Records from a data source
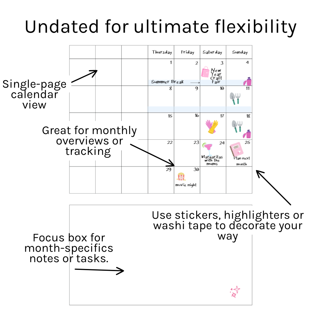- Undated for Ultimate Flexibility: Start planning whenever you want. With no pre-filled dates, you can customise each month and begin your journey to organization at any time.
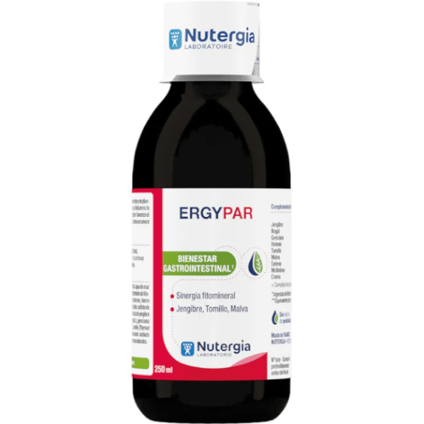 https://www.mifarma.eu/nutergia-ergypar-250-ml592713759628Nutergia Ergypar 250 ml<p>Food supplement prepared by Laboratorios Nutergia.</p><p> In its composition we can find Ginger, Walnut Gentian, Thyme, Hellenium, Mallow and Trace Elements.</p><p> These ingredients favor digestive processes. While walnut improves the body s defenses against external agents.</p><p> The trace elements of marine origin incorporated in this complement, especially selenium, protect the cells against oxidative deterioration.</p><h3 id= w_modo-de-empleo > <b>How to use</b></h3><p> Ingesting 10 to 20 ml per day dissolved in half a glass of water (approximately 75 ml), it is preferably recommended to do so outside of meals.</p><p> Shake well before drinking.</p><h3 id= w_composiciahn > <b>Composition</b></h3><p> Filtering clayey water and contracting seawater, stabilizers: natural glycerin: ginger extract (Zingiber officinale), walnut (Juglans regia), gentian (Gentuana lutea); helenium (Inula helenium), thyme (Thymus vulgaris) and mallow (Malva sylvestris), natural aroma, preservative: potassium sorbate; acidifier: lactic acid, sodium selenite.</p><p><br /></p><p><br /></p>https://assets.atida.com/transform/07ec1355-0f62-4af5-881a-b7881193bc39/Nutergia-Ergypar-250ml?io=transform:extend,width:250,height:25018.99instock22.7417.263635363636163.75Nutergiahttps://www.mifarma.eu/media/catalog/product/8/7/1/f/871f2ae15ca7e219240eb1f743690bf5f3ecd3a2_Nutergia_Ergypar_250ml.png/Vitamins and Supplements/Vitamins and Supplements/Multivitamins/Vitamins and Supplements/Supplements2024-09-16T06:05:09+0000
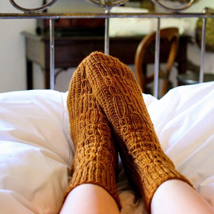 The Télégramme Socks are the coziest socks for the cooler months, including delicate cables and squishy broken rib that perfectly pairs with your Télégramme cardigan! Designed in hearty Mondim , dyed by La Bien Aimée , they are the perfect socks for lounging around the cabin by the fire, or tucking into boots for a walk in the forest. The socks are knit from the cuff down and include a special version of the New Depths Heel - my short-row heel design with an adjustable gusset for a perfect fit - to keep the broken rib pattern consistent across the heel - giving them an extra cozy look!
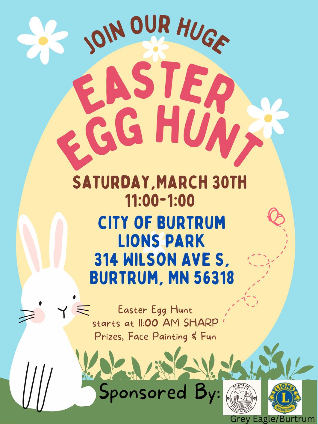 • Easter Egg Hunt at 11 a.m. at the Burtrum City Lions Park. See ad on page 4.
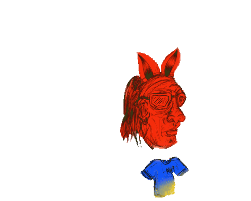 A red painted head with bunny ears, glasses, and a mullet, along with a blue shirt, animate by shrinking and growing.
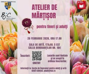 Organizăm un atelier de creație manuală în care participanții vor putea să confecționeze mărțișoare folosind tehnici simple și materiale accesibile, asigurate de noi. Acesta va avea loc în 26 februarie 2026, de la ora 17:00, în Sala de artă a bibliotecii, sediul central, etajul 5 est. Participarea este gratuită, pe baza Permisului de intrare la …
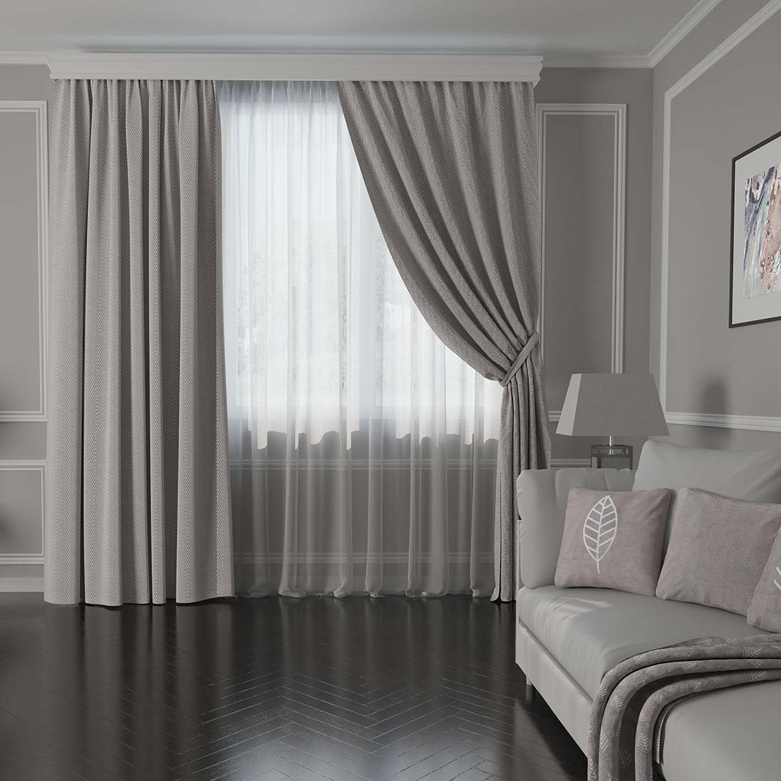 Серые шторы в зал
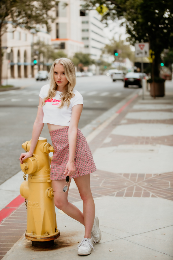 To get ready for Malia’s senior portrait experience, Malia and her mom came over to my studio for their pre-session consultation. We went over Malia’s, AND mom’s wish list, together! As with all my Seniors, their portrait experience is all about showing their uniqueness, personality, accomplishments, and personal style. Malia showed me some images from her Pinterest board which included a fun urban look with high-rises in the background, dance images, and sunset beach shots!
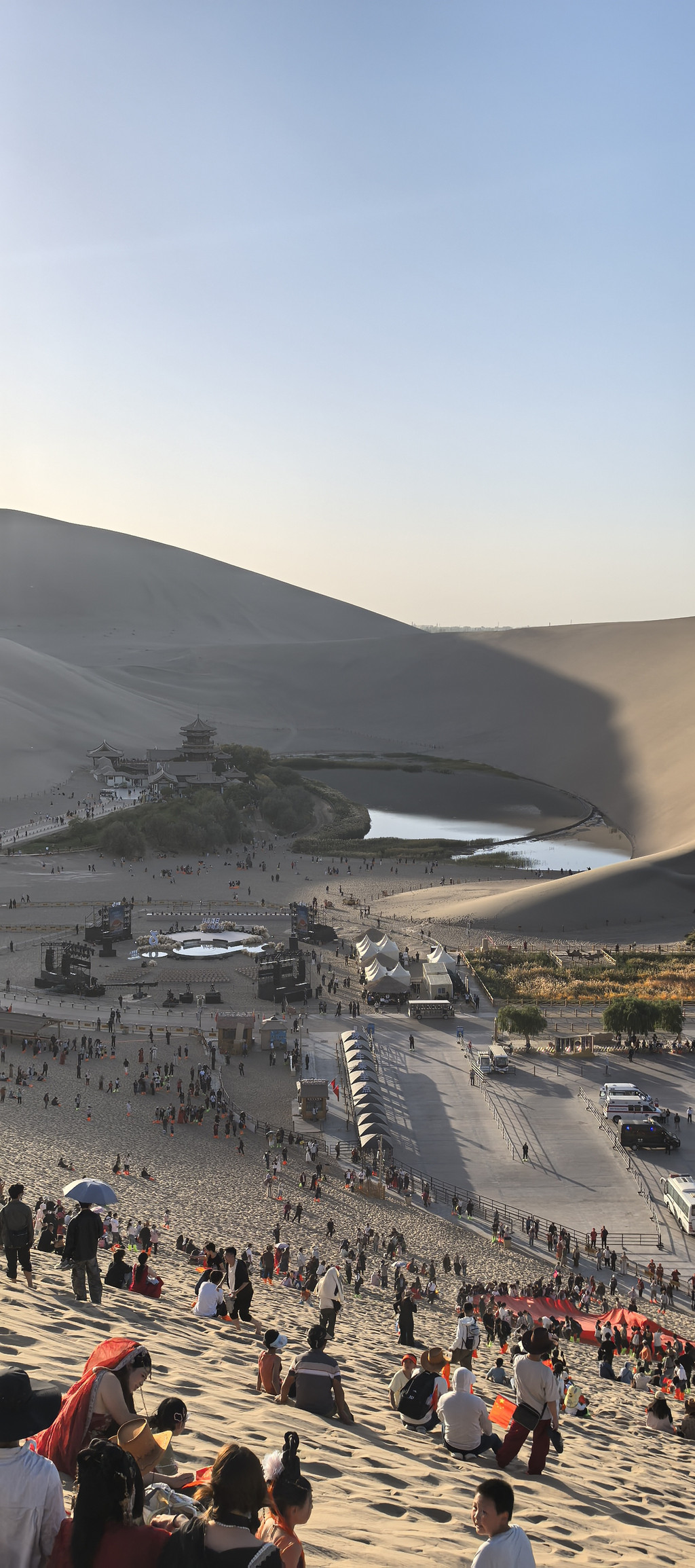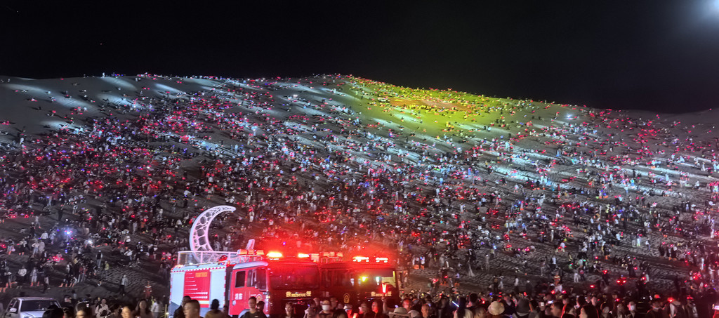 ② 鸣沙山月牙泉。国庆节当天有重大活动,请了不少抖音网红来万人演唱会,只能当天门票入园。这里提下醒,一般情况下鸣沙山月牙泉的门票是3天有效,但是对于特殊日期可能只能当天的门票入园,比如这次10月1日和10月6日(中秋节)就只能当前门票入园,当然当天的票在后面两天还是可以入园的。特殊日期的票买票的时候要注意。我的安排是,10月1日下午入园游玩,拍照、骑骆驼、看日落、万人演唱会。第二天早起再次入园,看日出。这也是选择住在景区门口的愿意你。现在看来这个选择是很完美的。
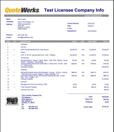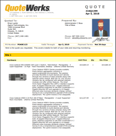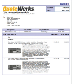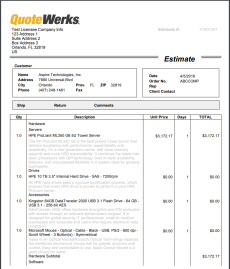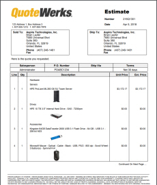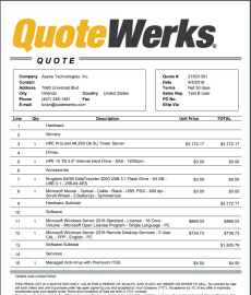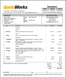 QuoteWerks layouts are designed to be easily customizable with company logos, different color schemes, as well as a variety of fonts. The layouts can also be customized to display or hide numerous fields from QuoteWerks. Users can choose to show line item pricing in groups or single items or hide them completely. Layouts can also be edited to include manufacturer, manufacturer part number, vendor, vendor part number, and many more.
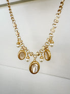Indulge in elegance with our Oval MOP charm necklace. Crafted with stunning Mother of Pearl and alternating pearl charms, this necklace exudes sophistication and grace. Elevate any outfit with this piece, perfect for the modern woman who appreciates the finer things in life.
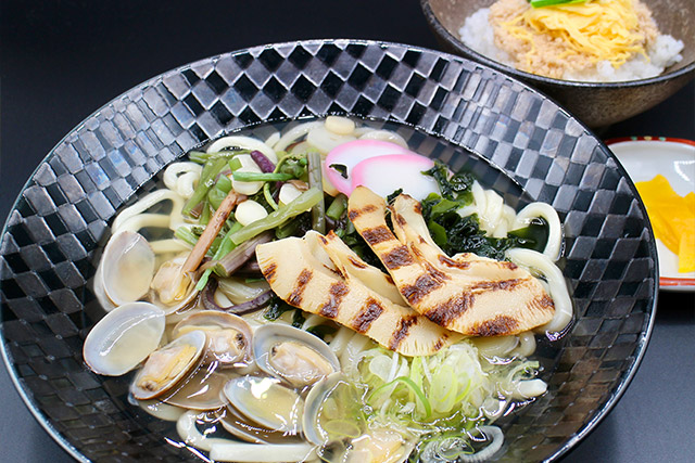 あさりと筍、山菜うどん・そば 鶏そぼろ丼セット
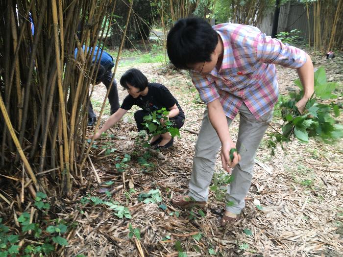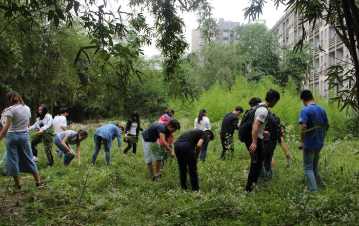 活动开始后,党员同志们在后勤保障处工作人员的指导下,清理了位于唐臣书院门口及后方的草丛,工作人员向大家演示了除草工具的正确使用方法,并不时叮嘱同学们注意防蚊虫,小心皮肤擦挂。党员干部们轻装上阵,拿起工具,在工作人员指导下悉心修建灌木丛,俯身除去地上的杂草。草地中央,有的为树木修剪多余的枝叶,有的用抓耙清理地上的落叶。大家还不忘发扬勤学好问精神,仔细向工作人选询问植被种植及维护相关问题。在党员同志们两个多小时的努力下,唐臣书院后方的环境焕然一新。
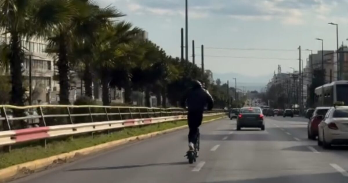 Αδιανόητο περιστατικό στη Συγγρού όπου ένας άνδρας οδηγούσε ανενόχλητος το ηλεκτρικό πατίνι του, στην αριστερή λωρίδα της λεωφόρου.
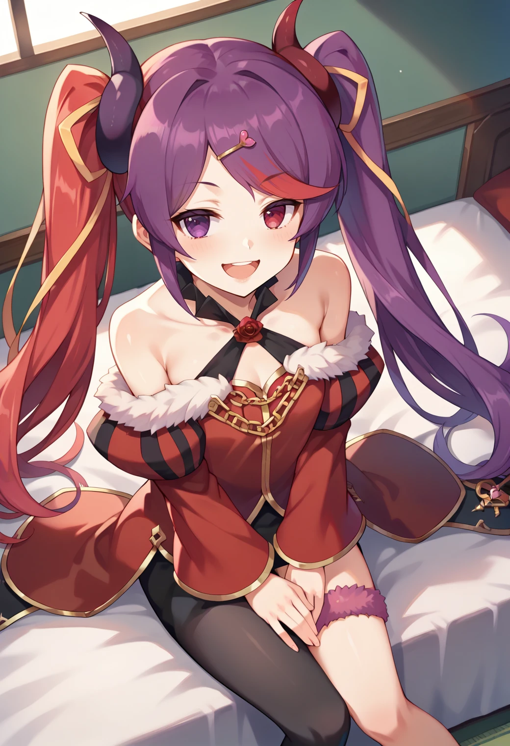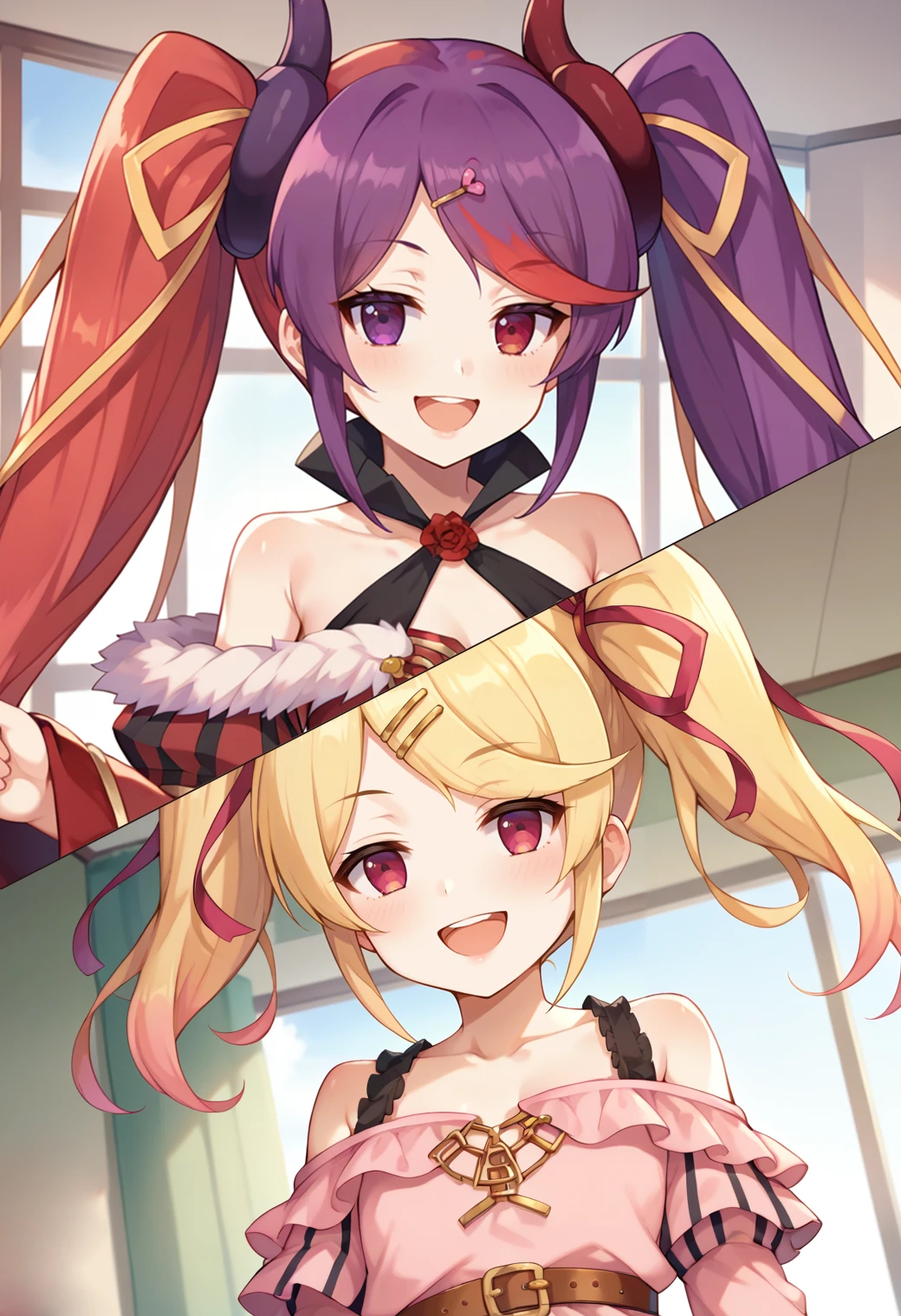 misakipcrbase, twintails, swept bangs, demon horns,Default Clothes:
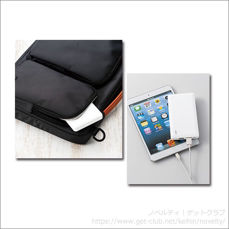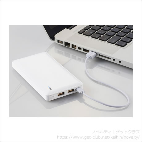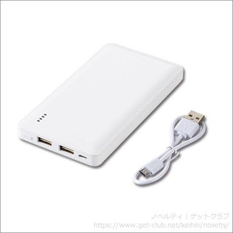 携帯しやすいフラットタイプのモバイルバッテリー。容量5000mAhだからスマートフォンだけでなくタブレットの充電にもおすすめです。旅行や出張にも活躍します。
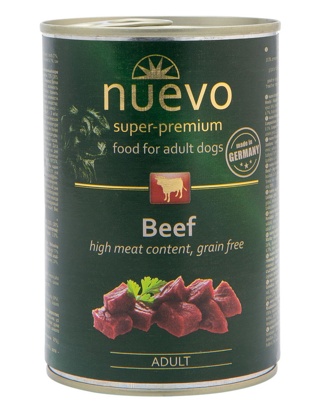 Karma nuevo Wołowina charakteryzuje się wysoką zawartością mięsa (72%) i cennego białka. Karma ta jest idealnie zbilansowanym pokarmem dla psów oferującym odpowiednią zawartość składników odżywczych oraz niezbędnych witamin i minerałów. Karma nuevo Wołowina stanowi doskonałe źródło energii, jest bardzo dobrze trawiona i wyjątkowo smaczna.
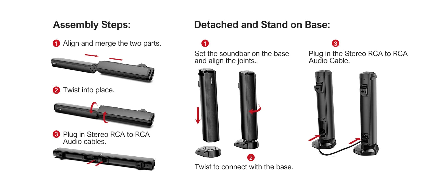 - The soundbar's detachable design allows you to assemble it in a variety of styles to fit the layout and atmosphere of your room. The split design saves space while the unique 7° tilt design enriches the soundstage with exclusive details.

WORK INSTRUCTION
Where an entry holds a picture, leave the picture out and output the rest exactly.

WRITTEN SOLUTION
- Undated for Ultimate Flexibility: Start planning whenever you want. With no pre-filled dates, you can customise each month and begin your journey to organization at any time.
 https://www.mifarma.eu/nutergia-ergypar-250-ml592713759628Nutergia Ergypar 250 ml<p>Food supplement prepared by Laboratorios Nutergia.</p><p> In its composition we can find Ginger, Walnut Gentian, Thyme, Hellenium, Mallow and Trace Elements.</p><p> These ingredients favor digestive processes. While walnut improves the body s defenses against external agents.</p><p> The trace elements of marine origin incorporated in this complement, especially selenium, protect the cells against oxidative deterioration.</p><h3 id= w_modo-de-empleo > <b>How to use</b></h3><p> Ingesting 10 to 20 ml per day dissolved in half a glass of water (approximately 75 ml), it is preferably recommended to do so outside of meals.</p><p> Shake well before drinking.</p><h3 id= w_composiciahn > <b>Composition</b></h3><p> Filtering clayey water and contracting seawater, stabilizers: natural glycerin: ginger extract (Zingiber officinale), walnut (Juglans regia), gentian (Gentuana lutea); helenium (Inula helenium), thyme (Thymus vulgaris) and mallow (Malva sylvestris), natural aroma, preservative: potassium sorbate; acidifier: lactic acid, sodium selenite.</p><p><br /></p><p><br /></p>https://assets.atida.com/transform/07ec1355-0f62-4af5-881a-b7881193bc39/Nutergia-Ergypar-250ml?io=transform:extend,width:250,height:25018.99instock22.7417.263635363636163.75Nutergiahttps://www.mifarma.eu/media/catalog/product/8/7/1/f/871f2ae15ca7e219240eb1f743690bf5f3ecd3a2_Nutergia_Ergypar_250ml.png/Vitamins and Supplements/Vitamins and Supplements/Multivitamins/Vitamins and Supplements/Supplements2024-09-16T06:05:09+0000
 The Télégramme Socks are the coziest socks for the cooler months, including delicate cables and squishy broken rib that perfectly pairs with your Télégramme cardigan! Designed in hearty Mondim , dyed by La Bien Aimée , they are the perfect socks for lounging around the cabin by the fire, or tucking into boots for a walk in the forest. The socks are knit from the cuff down and include a special version of the New Depths Heel - my short-row heel design with an adjustable gusset for a perfect fit - to keep the broken rib pattern consistent across the heel - giving them an extra cozy look!
 • Easter Egg Hunt at 11 a.m. at the Burtrum City Lions Park. See ad on page 4.
 A red painted head with bunny ears, glasses, and a mullet, along with a blue shirt, animate by shrinking and growing.
 Organizăm un atelier de creație manuală în care participanții vor putea să confecționeze mărțișoare folosind tehnici simple și materiale accesibile, asigurate de noi. Acesta va avea loc în 26 februarie 2026, de la ora 17:00, în Sala de artă a bibliotecii, sediul central, etajul 5 est. Participarea este gratuită, pe baza Permisului de intrare la …
 Серые шторы в зал
 To get ready for Malia’s senior portrait experience, Malia and her mom came over to my studio for their pre-session consultation. We went over Malia’s, AND mom’s wish list, together! As with all my Seniors, their portrait experience is all about showing their uniqueness, personality, accomplishments, and personal style. Malia showed me some images from her Pinterest board which included a fun urban look with high-rises in the background, dance images, and sunset beach shots!
 ② 鸣沙山月牙泉。国庆节当天有重大活动,请了不少抖音网红来万人演唱会,只能当天门票入园。这里提下醒,一般情况下鸣沙山月牙泉的门票是3天有效,但是对于特殊日期可能只能当天的门票入园,比如这次10月1日和10月6日(中秋节)就只能当前门票入园,当然当天的票在后面两天还是可以入园的。特殊日期的票买票的时候要注意。我的安排是,10月1日下午入园游玩,拍照、骑骆驼、看日落、万人演唱会。第二天早起再次入园,看日出。这也是选择住在景区门口的愿意你。现在看来这个选择是很完美的。
 QuoteWerks layouts are designed to be easily customizable with company logos, different color schemes, as well as a variety of fonts. The layouts can also be customized to display or hide numerous fields from QuoteWerks. Users can choose to show line item pricing in groups or single items or hide them completely. Layouts can also be edited to include manufacturer, manufacturer part number, vendor, vendor part number, and many more.
Indulge in elegance with our Oval MOP charm necklace. Crafted with stunning Mother of Pearl and alternating pearl charms, this necklace exudes sophistication and grace. Elevate any outfit with this piece, perfect for the modern woman who appreciates the finer things in life.
 あさりと筍、山菜うどん・そば 鶏そぼろ丼セット
 活动开始后,党员同志们在后勤保障处工作人员的指导下,清理了位于唐臣书院门口及后方的草丛,工作人员向大家演示了除草工具的正确使用方法,并不时叮嘱同学们注意防蚊虫,小心皮肤擦挂。党员干部们轻装上阵,拿起工具,在工作人员指导下悉心修建灌木丛,俯身除去地上的杂草。草地中央,有的为树木修剪多余的枝叶,有的用抓耙清理地上的落叶。大家还不忘发扬勤学好问精神,仔细向工作人选询问植被种植及维护相关问题。在党员同志们两个多小时的努力下,唐臣书院后方的环境焕然一新。
 Αδιανόητο περιστατικό στη Συγγρού όπου ένας άνδρας οδηγούσε ανενόχλητος το ηλεκτρικό πατίνι του, στην αριστερή λωρίδα της λεωφόρου.
 misakipcrbase, twintails, swept bangs, demon horns,Default Clothes:
 携帯しやすいフラットタイプのモバイルバッテリー。容量5000mAhだからスマートフォンだけでなくタブレットの充電にもおすすめです。旅行や出張にも活躍します。
 Karma nuevo Wołowina charakteryzuje się wysoką zawartością mięsa (72%) i cennego białka. Karma ta jest idealnie zbilansowanym pokarmem dla psów oferującym odpowiednią zawartość składników odżywczych oraz niezbędnych witamin i minerałów. Karma nuevo Wołowina stanowi doskonałe źródło energii, jest bardzo dobrze trawiona i wyjątkowo smaczna.
 - The soundbar's detachable design allows you to assemble it in a variety of styles to fit the layout and atmosphere of your room. The split design saves space while the unique 7° tilt design enriches the soundstage with exclusive details.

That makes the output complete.